There are times though when the clock loses a spring or life simply throws you a spanner. In order to keep life ticking on you have to make a few adjustments.

An illness of a close family member has meant Mr BG has had to leave for Melbourne for a couple of days. That means priorities are shuffled around, lists are made of things to do and people to contact, and arrangements are made to look after little BGs and the cat.

It’s at times such as this that you realise that much of that intricate machinery that is your life is meaningless if you don’t have the big things that matter- family, health and love.

Freezing with a chance of sun

Yesterday Con shared via Twitter a post on 5 Ways you can be happy now without changing a thing

A lot of it was simple advice, letting go of past grievances, and being grateful for what you have in your life.

Kalgrl  shared her  reasons why she was grateful yesterday

Today I am grateful for

  • two children who delight in a frosty morning and turn a walk to school into a journey of discovery

frosty kids

  • the bright sunshine in which to walk back home

welcome home

  • a friendly conversation with the butcher
  • a good relationship with my dentist who can fit me in on Monday for a tooth to be capped.
  • Mr BG who always provides honest advice.
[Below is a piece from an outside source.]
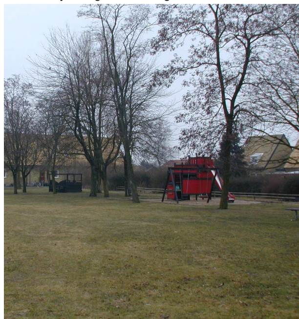
Park vid Kyrkvägen - Åkervägen

Revinge bypark ligger i byns östra del söder om kyrkan. Parken ligger i direkt anslutning till skolan och har två entréer gemensamt mellan skolgård och park. Parken karaktäriseras till största delen av en bollplan som omgärdas av ett trästaket. Växtmaterialet är relativt begränsat i sin omfattning och består av ett fåtal oxlar och björkar. Söder om bollplanen ligger parkens lekplats som avgränsas med ett buskparti. Rumsbildningen i lekplatsens olika delar definieras likaså av buskar. Parken ligger i nära anslutning till bostadsområdena väster och söder om parken och knyts samman av en grusgång som löper genom parkens västra del. Stigar inne i de upp vuxna syrenbuskarna som delar av parken avslöjar att de fungerar för lek. Parken skulle kunna göras mer spännande genom en översyn av växtmaterialet.

The suggestion which really struck home was choose to be exactly who you are and where you are at this very moment. The moment I read it, I felt my mindset shift. I felt by accepting what I have, I could change anything. It was a good moment to have 🙂

What’s in my name

Fiona and Tony have both discussed their names- and I had an interesting time contemplating my name and its variations over the years.

My first name comes from my mother’s youngest sister. There is a 13 year age gap between the two sisters and they are quite close, as my grandmother was quite unwell after giving birth (it was baby no 6 and there was another one after my aunt) and my mum looked after her baby sister. Mum had always said she would call me Stephanie. As it happens, I get along famously with my auntie Stephanie, who lives in Enniskillen with her husband Gerald and nearby to my granny Kitty.
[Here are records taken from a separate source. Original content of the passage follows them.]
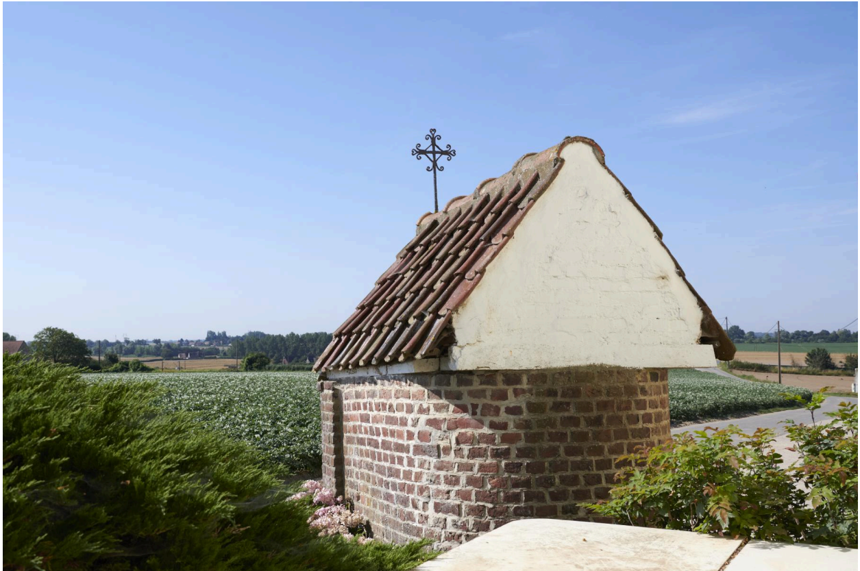
Vue arrière de la chapelle.
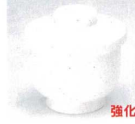
327-22-792 白マット釉むし碗 960円 8.5×7.5cm(140cc) 32722792
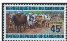
カメルーン 1974年 45CFAフラン

I get Steph a lot from my friends and my work colleagues. I do prefer to be on a Stephanie basis with my dentist and my doctor though, both of whom are incredibly nice. It was a real shock when the first doctor I saw in Ballarat called me Steph- it was a sense of familiarity which was a bit disconcerting. I did forgive him somewhat as he confirmed in the same breath that I was pregnant :).

My middle name is Moya after my dad’s youngest sister- it’s a variation on the Irish name for Mary. When I hear my name in full from my parents I just know I’m in trouble, even at the age of 42. Having names from both sides of the family has been good, but I chose first names for the children which were their own rather than being named after a relative.
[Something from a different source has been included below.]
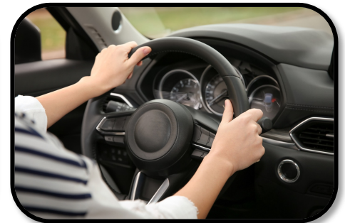
4. DRIVING HOME
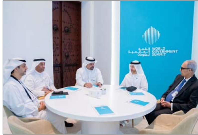
على هامش القمة العالمية للحكومات 2023

My maiden surname, McGlinchey is a mouthful, and for many it’s a hard one to say, and for nearly everyone, it’s impossible to spell. The only place where I haven’t had to spell it out is in Ireland :). The name is Irish, even with the Mc, with its origins from Donegal. It’s the name I use in online interactions and at work, as all my qualifications were earned in that name, and it is one I regard as my professional name. It is a pain to spell, but it’s distinctive and it’s a part of me I am reluctant to relinquish.

However, when Miss BG was born in 2007, in a fit of hormones I decided to change my name to my married name. So on my bills, on my drivers licence, and at the kid’s school I am Stephanie Cummings. No one calls me Mrs Cummings though- I am strictly first name terms  with all and sundry!

I’m also known as Mr BG’s wife, and Master BG and Miss BG’s mum. And I’m sure the cat knows me as the ‘big human who gets up early to let me out and feeds me breakfast’.

I have lots of names, but they’re all a part of me.